Porta-voz russo diz que proposta está em análise; grupo liderado pelos EUA supervisionará comitê tecnocrático na região

O Kremlin confirmou nesta segunda-feira (19) que o presidente da Rússia, Vladimir Putin, foi convidado pelo governo norte-americano para integrar um novo colegiado internacional voltado à gestão temporária da Faixa de Gaza. A iniciativa, denominada “Conselho da Paz”, é liderada pelo presidente dos Estados Unidos, Donald Trump, e visa supervisionar a transição política e administrativa na região após os conflitos recentes. A informação foi repassada à imprensa pelo porta-voz do governo russo, Dmitry Peskov, em declaração à agência de notícias TASS.

Segundo o representante de Moscou, a abordagem ocorreu pelas vias oficiais de diplomacia entre as duas potências. Peskov afirmou: “O presidente Putin recebeu, de fato, uma oferta por meio de canais diplomáticos para participar deste Conselho de Paz”. Apesar da confirmação do convite, a administração russa ainda não formalizou uma resposta definitiva sobre sua adesão ao grupo. O porta-voz ressaltou a necessidade de mais informações antes de uma decisão final: “Atualmente, estamos analisando todos os detalhes dessa proposta. Esperamos entrar em contato com o lado americano para esclarecer todos os detalhes”.

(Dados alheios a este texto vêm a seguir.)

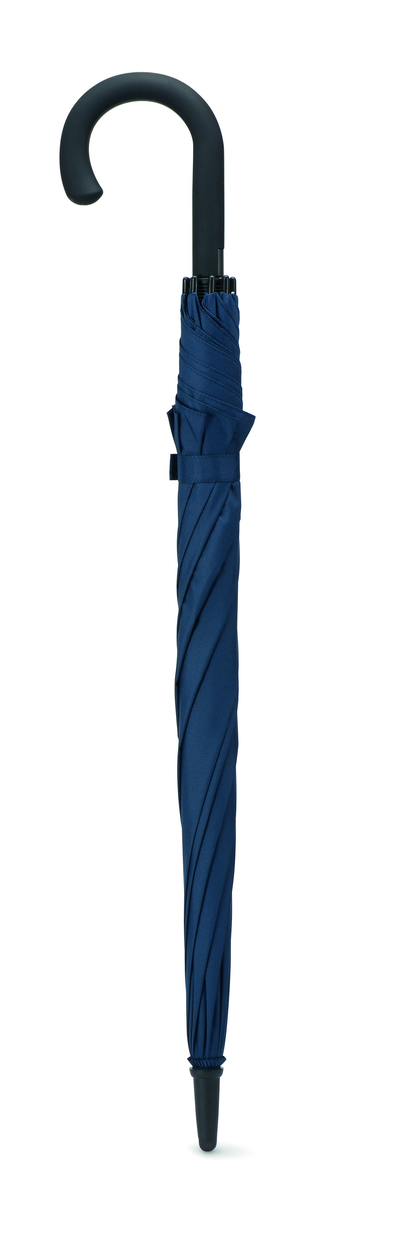 Elegancki 23 calowy parasol automatyczny odporny na działanie silnego wiatru wykonany z tkaniny 190T. Trzon czerniony, żebra wykonane z włókna szklanego, zakończenia plastikowe. Zakrzywiona rączka z gumowanego plastiku. Zapięcie manualne.

Composição do grupo e convite ao Brasil

Além da tentativa de incluir a Rússia, Donald Trump anunciou no último sábado os nomes que comporão a liderança do organismo. O republicano presidirá o conselho, que contará com figuras como o secretário de Estado Marco Rubio, o enviado especial Steve Witkoff, Jared Kushner, o ex-primeiro-ministro britânico Tony Blair, o bilionário Marc Rowan e o presidente do Banco Mundial, Ajay Banga. O governo dos Estados Unidos também estendeu o convite ao presidente brasileiro Luiz Inácio Lula da Silva. Fontes do Itamaraty confirmaram o recebimento da proposta, mas o líder brasileiro ainda não indicou se aceitará fazer parte do colegiado internacional.

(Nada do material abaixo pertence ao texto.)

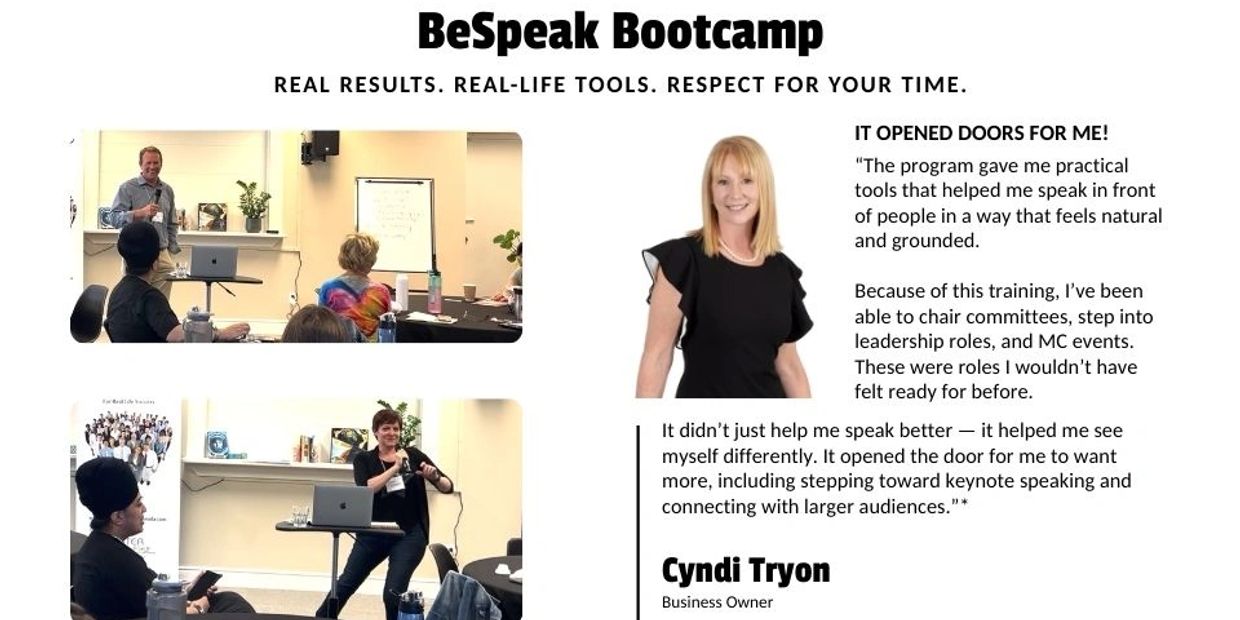 BeSpeak Bootcamp is a hands-on learning experience for business people who want to communicate with more confidence, clarity, connection, and influence — without overthinking, freezing, or feeling pressured.

O objetivo central do Conselho da Paz é supervisionar um Comitê Nacional para a Administração de Gaza, formado por um corpo tecnocrático palestino. Este comitê será chefiado por Ali Shaath, ex-ministro dos Transportes da Autoridade Palestina, e ficará encarregado das questões cotidianas da região durante o período de transição. O governo do Egito comunicou que houve um “consenso” entre as partes envolvidas sobre os 15 nomes que integrarão essa equipe administrativa. Para a Casa Branca, a estruturação deste conselho representa um “passo essencial” para encerrar as hostilidades, com a meta de “promover paz, estabilidade, reconstrução e prosperidade” no território.

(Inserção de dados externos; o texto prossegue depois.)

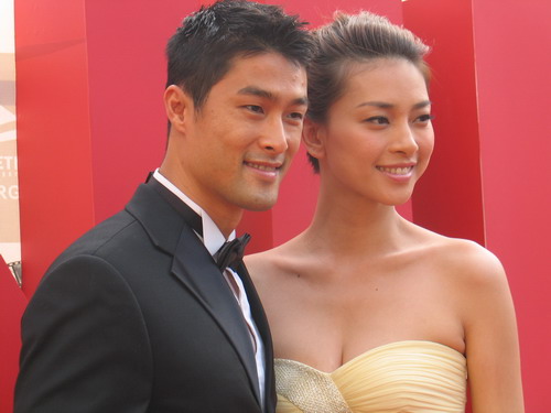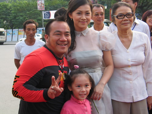 ...trong khi đó bà xã của Phước Sang là nữ diễn viên Kim Thư (mặc váy đen) cùng một người đẹp khác "tháp tùng" nam tài tử Hong Kong Trương Gia Huy

Controle administrativo e desmilitarização

O plano estabelecido prevê que os Estados Unidos mantenham o controle administrativo e militar de Gaza nesta fase. A medida segue o acordo de cessar-fogo aceito por Israel e pelo Hamas no ano anterior, o qual recebeu aprovação do Conselho de Segurança da ONU em novembro. A próxima etapa do processo envolve a desmilitarização do grupo extremista, uma operação complexa que terá o suporte de nações como Egito, Turquia e Catar. A expectativa é que os compromissos firmados, incluindo a devolução de corpos de vítimas de ataques anteriores, sejam cumpridos para garantir a estabilidade do novo arranjo governamental.